To address the fluctuations in mineral prices, Mathunjwa called for a drastic overhaul of South Africa’s economic policy “to create our own demand and supply; and beneficiation”.
He added: “The focus should be to develop our own industry and protect our economy. This will save and create new jobs.
“We have seen US President Donald Trump’s approach, which has created jobs for the American economy with 140 000 recorded in the last quarter.
“South Africa requires leadership … Let our legacy be that of saving and changing people’s lives.”
Should Implats go ahead with the retrenchments, Mathunjwa was unequivocal about the union’s response: “The gloves will be off. We will hit where it hurts most. Any company that has a relationship with Impala will be affected.”
The number of job losses would have a knock-on effect on families and communities in mining towns.
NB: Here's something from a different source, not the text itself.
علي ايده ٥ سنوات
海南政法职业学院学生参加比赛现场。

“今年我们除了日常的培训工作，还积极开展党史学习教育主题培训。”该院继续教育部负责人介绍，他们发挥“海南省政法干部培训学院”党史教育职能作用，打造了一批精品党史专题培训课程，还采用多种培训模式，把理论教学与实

“Research shows that one salary in the mining sector represents between five and 10 livelihoods – including the spouses and family members dependent on it.
“This could mean up to 130 000 people directly affected and probably millions more affected indirectly.”
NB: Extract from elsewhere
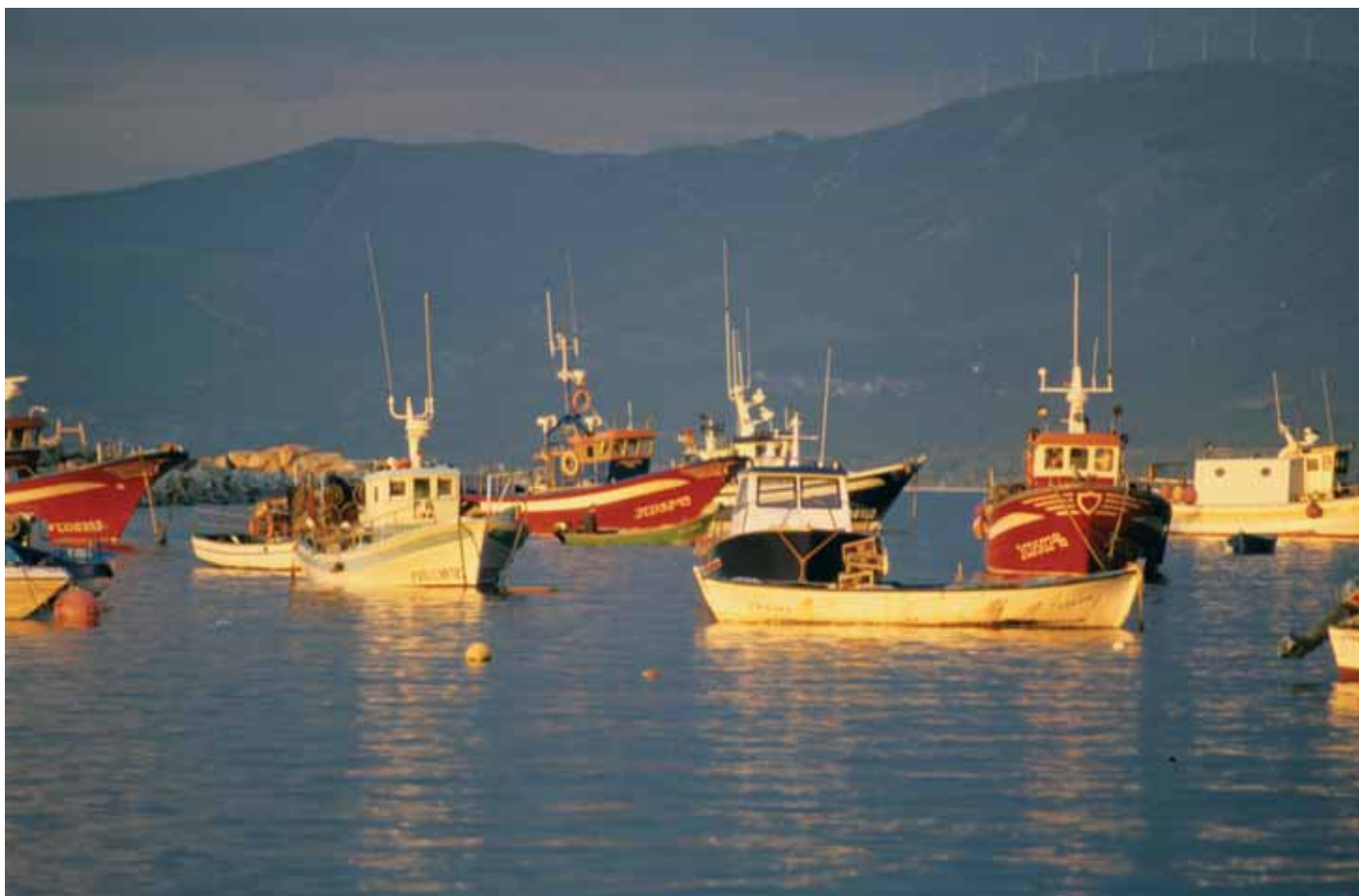
Porto de Muros

Muros que nunca deixou de ser mar, que viste de sal as galerías brancas, que contempla o transcórrexer dos días dende as fiestras góticas, que canta ao son das fontes, que se viste de muradana cando cae a tarde.

There is general consensus in the mining sector that one mining job in South Africa, where raw minerals are extracted, supports three people in Europe where beneficiation takes place, according to Association of Mineworkers and Construction Union (Amcu) president Joseph Mathunjwa.
This, said Mathunjwa, was “as a result of greater innovation and advanced technology in Europe”.
He added: “The skills we develop in our country are limited to extraction activities with no downstream capacity to add value to our own commodities. Structurally, there are also limitations that have sustained the drive towards this calamitous destination.
“The mining industry has been engaged in the optimisation and mechanisation discourse for a while. It’s clear – from more retrenchment efforts – the sector is bent on changing mining systems to enable use of a lean workforce for hyper profits. With continuous improvement in technology, new machines will require skilled workers. The threat of non-labour-intensive work is upon us.”
Amcu proposed an unemployment insurance benefit “to guarantee minimum compensation to all workers who lose their jobs to machines, derived from the profits produced by those machines, as a social protection and security measure”.